Вот, кстати!
– Вилли, – позвал его Ян. – Иди-ка сюда…
Вилли подошёл – благо и был недалеко, препирался с Ворчуном, да пересказывал ему перипетии минувшего боя.
– Что с ним, – кивнув на Накату, спросил жалостливо. Уж больно плохо тот выглядел.
Ян пожал плечами:
– Если б знать! Ты мне лучше скажи, ты эту дрянь на ранах размазывал, или как?
Вилли задумался на секунду, потом честно признался:
– Не помню. Мне сразу так хреново стало, что я вырубился.
Больше Ян не колебался – время уходило, и приходилось решаться. Зачерпнув полную горсть жидкости, больше похожей на густые, свежие сливки, он принялся обильно намазывать её на обнажённую, чёрную ногу Накаты. Тот почти сразу зашевелился, заворочался, застонал. Ничего, пусть лучше стонет, чем просто лежит бревном. Густо намазав раны, особое внимание уделив больной ноге, Ян мгновение поколебался и вылил ещё немного в рот товарищу.

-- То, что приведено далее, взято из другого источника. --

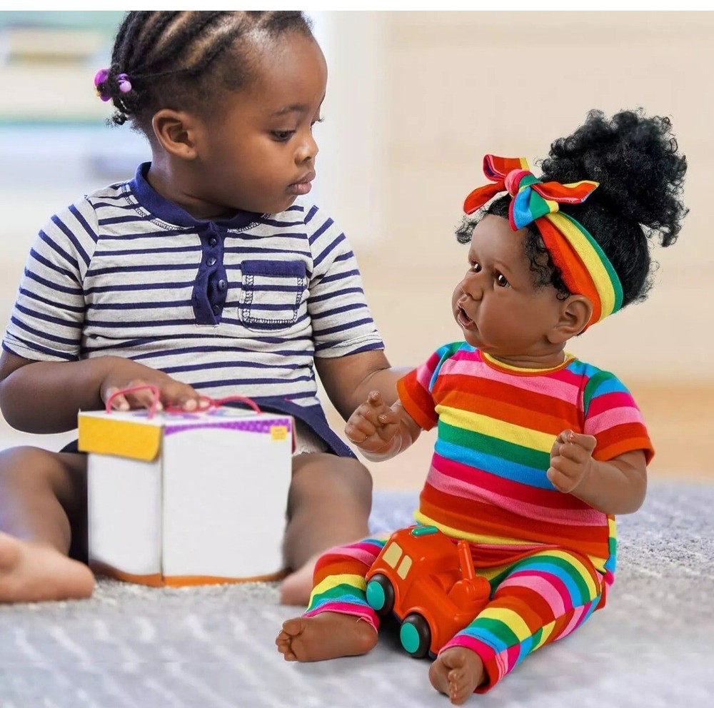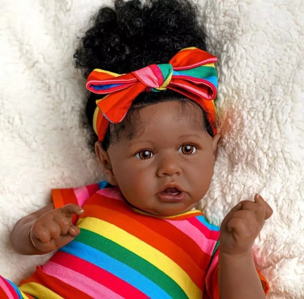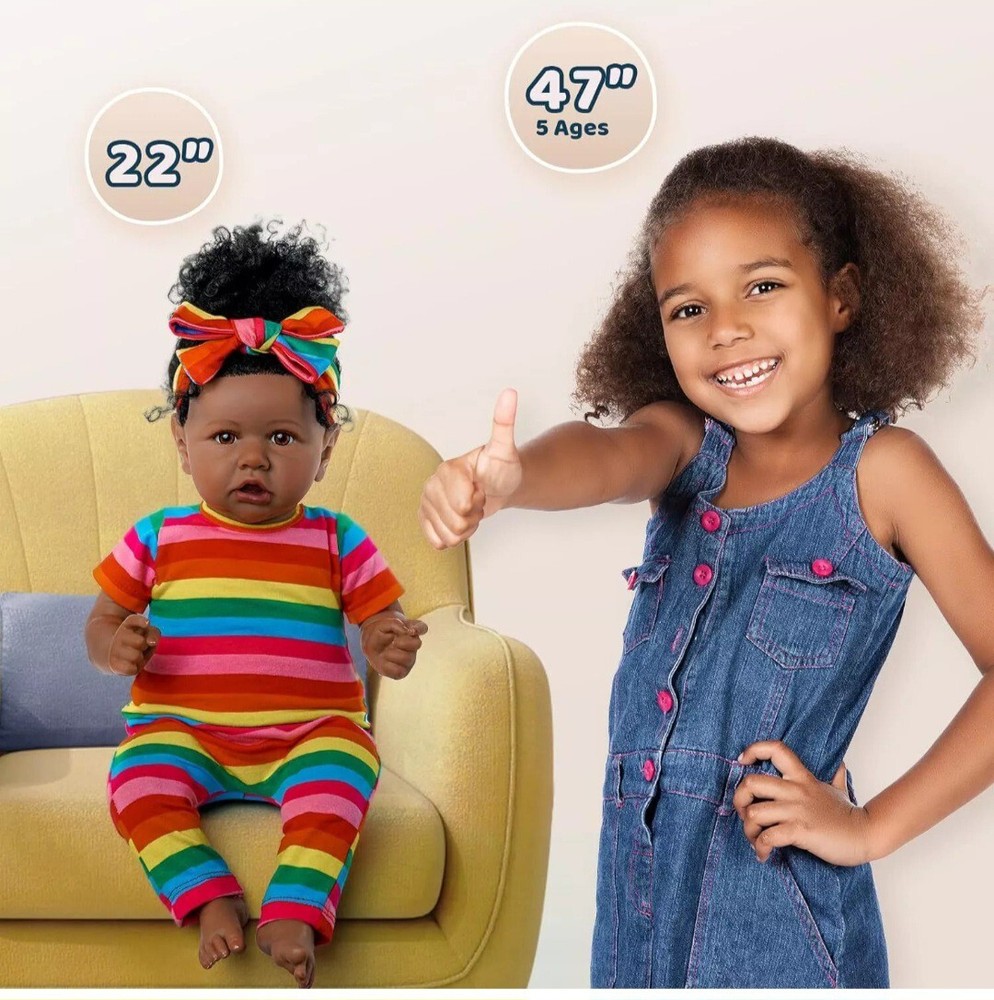 This 22in finished Reborn Baby Doll is a soft and cuddly African American newborn girl that is anatomically correct and has a lifelike feel. It comes with a bottle, outfit, pacifier, headband, and doll, all of which are washable and non-toxic. The doll has curly black hair, medium dark complexion, and random eye color. It is a collector toy that is suitable for all occasions and age levels, especially unisex baby and toddler. The doll is handmade with vinyl material and features removable clothes. This Babies theme doll is a perfect gift for anyone who loves dolls. Note that the packaging is not included.
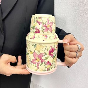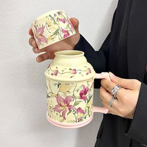 百合花复古水杯送女生生日礼物百合花杯子伴手礼送老师教师节礼物
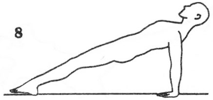 8. Обратная платформа. Сядьте прямо, ноги вытянуты вперед. Положите ладони на пол за спиной пальцами к себе на ширине плеч. Выпрямите руки, одновременно поднимая таз и подтягивая живот, так чтобы тело от затылка до пяток образовало прямую линию. Смотрите прямо перед собой. Не сгибая коленей, начните «ходить» на пятках и на руках. Продолжайте 3 минуты.
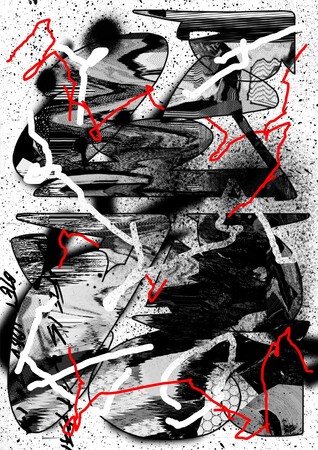 ふだん生活している中で生まれる感情、そしてライブペイントで会場の空気感に反応し生まれた感覚がまさに絡み合うようにして描くと触手は雲のように、雲は触手の模様のようになっていく。” WOK22

Пару минут после этого Наката лежал относительно спокойно. Ворочался, но и только. Потом его выгнуло дугой. Затрясло. Перевернуло.

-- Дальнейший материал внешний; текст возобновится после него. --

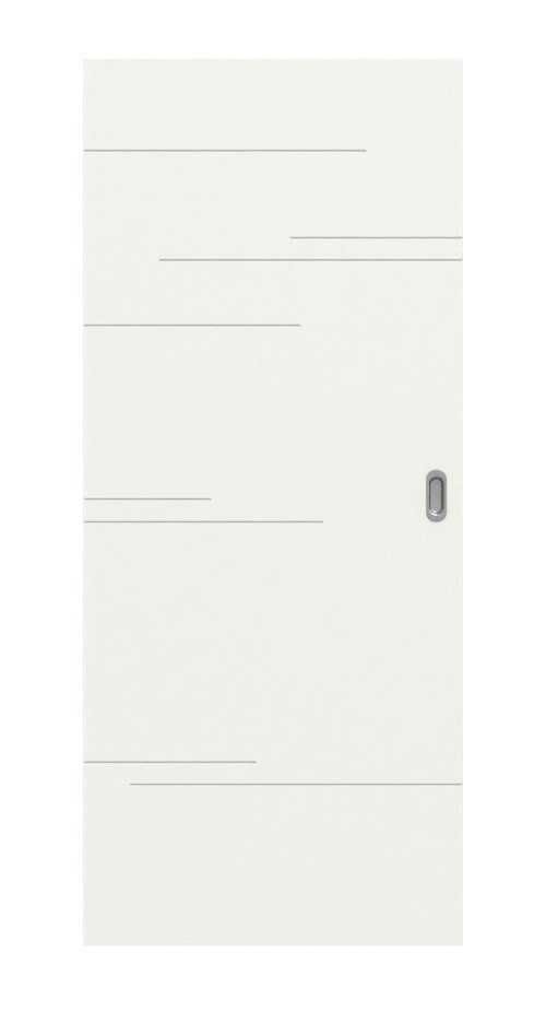 Żywy wzór z krótkimi, poziomymi V-rowkami nadaje nowoczesny wygląd skrzydłu drzwiowemu. Powierzchnia pokryta jest jednolitym lakierem, który w kolorze białym harmonijnie wpasowuje się w przestrzeń.
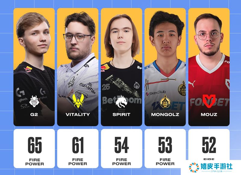 队伍平均火力值排名第三的是Spirit,第四和第五分别是The MongolZ和MOUZ。
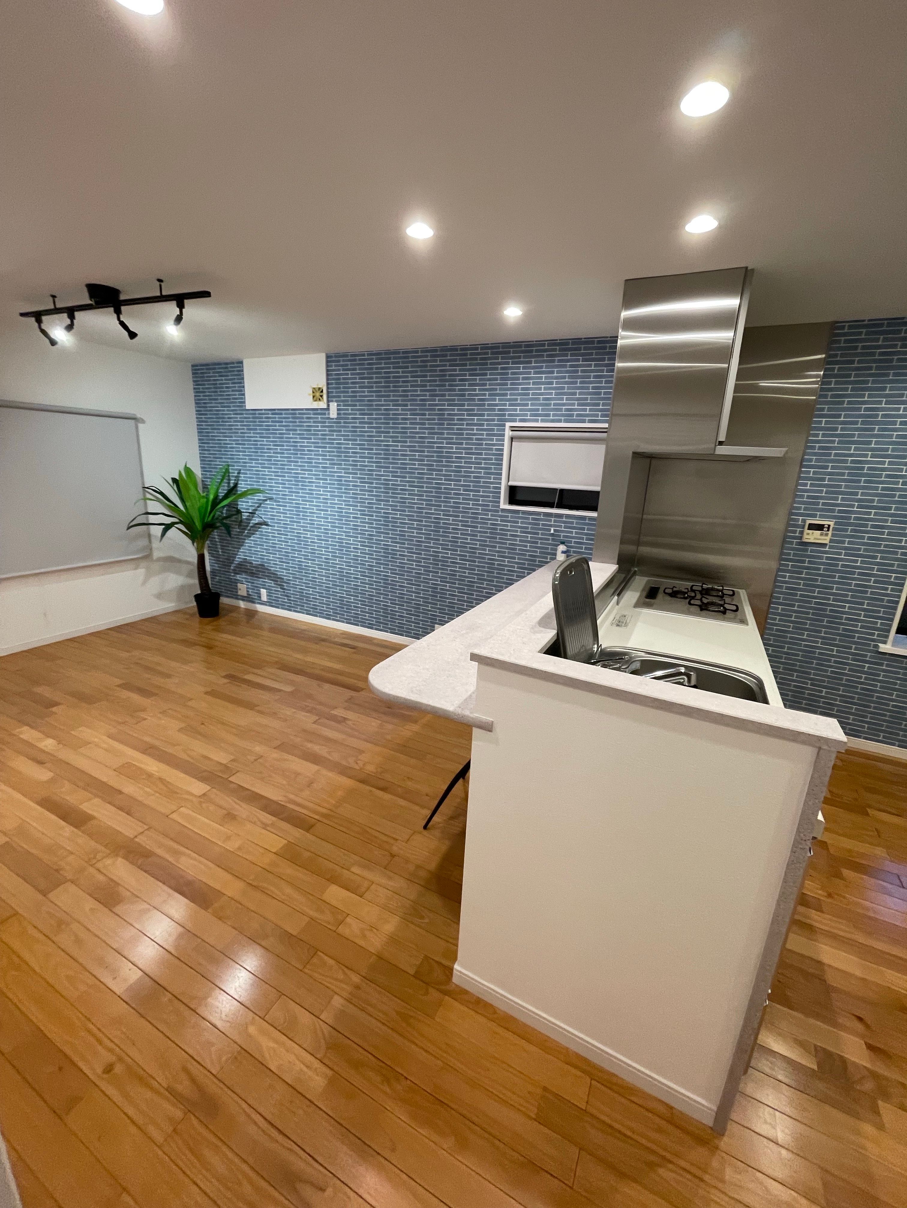 床は剥離磨きからのウレタンワックス、ポイントクロスは奥行きのあるタイル調。

Ян замер, боясь дохнуть – подействовало! Рядом напряженно сопел Вилли.
Впрочем, его быстро сдуло с места руганью Ворчуна. Строри язвительно осведомлялся, намерен ли кто-то оказать ему помощь, и если нет, то какого… и почему… Дальше Ворчун перешёл на гномий, и понимать его стало сложно.
Но не для Вилли, который-то понимал всё. Гном подхватился, цапнул бурдюк с бесценной жидкостью, и побежал к старшему товарищу.

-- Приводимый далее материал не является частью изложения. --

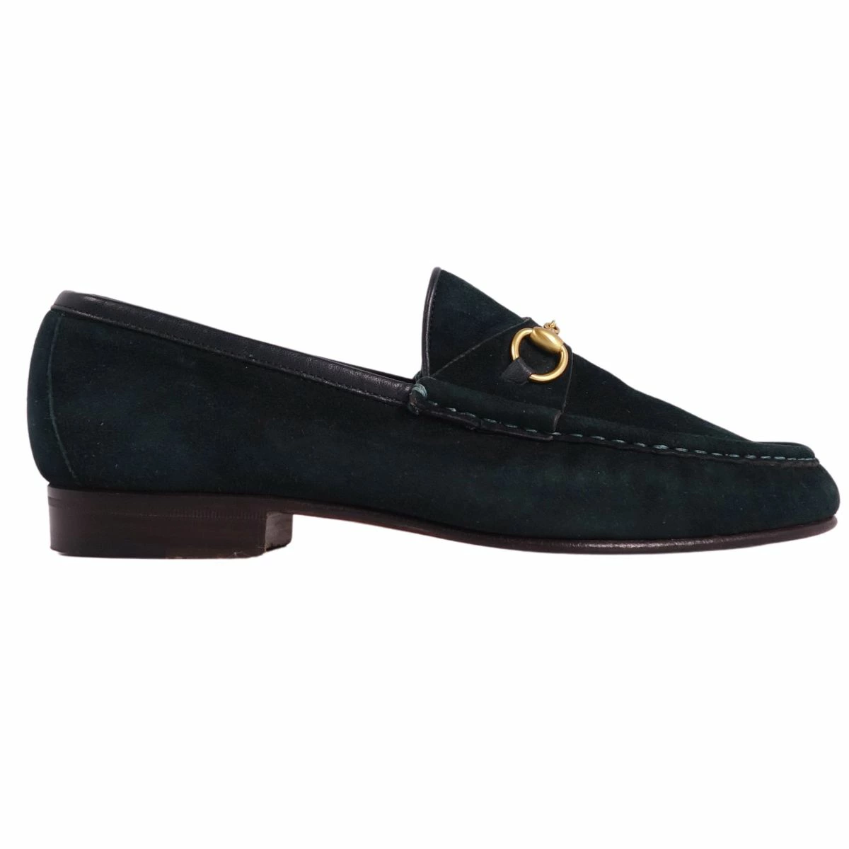 [Excellent Condition] Vintage Gucci Horsebit Loafers/Moccasins in Suede Leather, Made in Italy, Women's, Size 37.5C (equivalent to 24.5cm), Green [Pre-owned]

Накату, а вслед за ним и Строри, крутило-вертело до глубокой ночи. Ян и Вилли извелись в ожидании. Если бы Ян не видел, что сделал регенерин с Вилли, он бы давно уже впал в отчаянье. Напрасное – как оказалось глубоко за полночь. Бог весть, сколько было времени, – не сохранился их хронометр, – когда Ворчун первым поднял голову с подстилки и хриплым, но вполне себе бодрым голосом сказал:
– Воды кто-нибудь даст или мне тут от жажды помирать? Да и пожрать бы не мешало!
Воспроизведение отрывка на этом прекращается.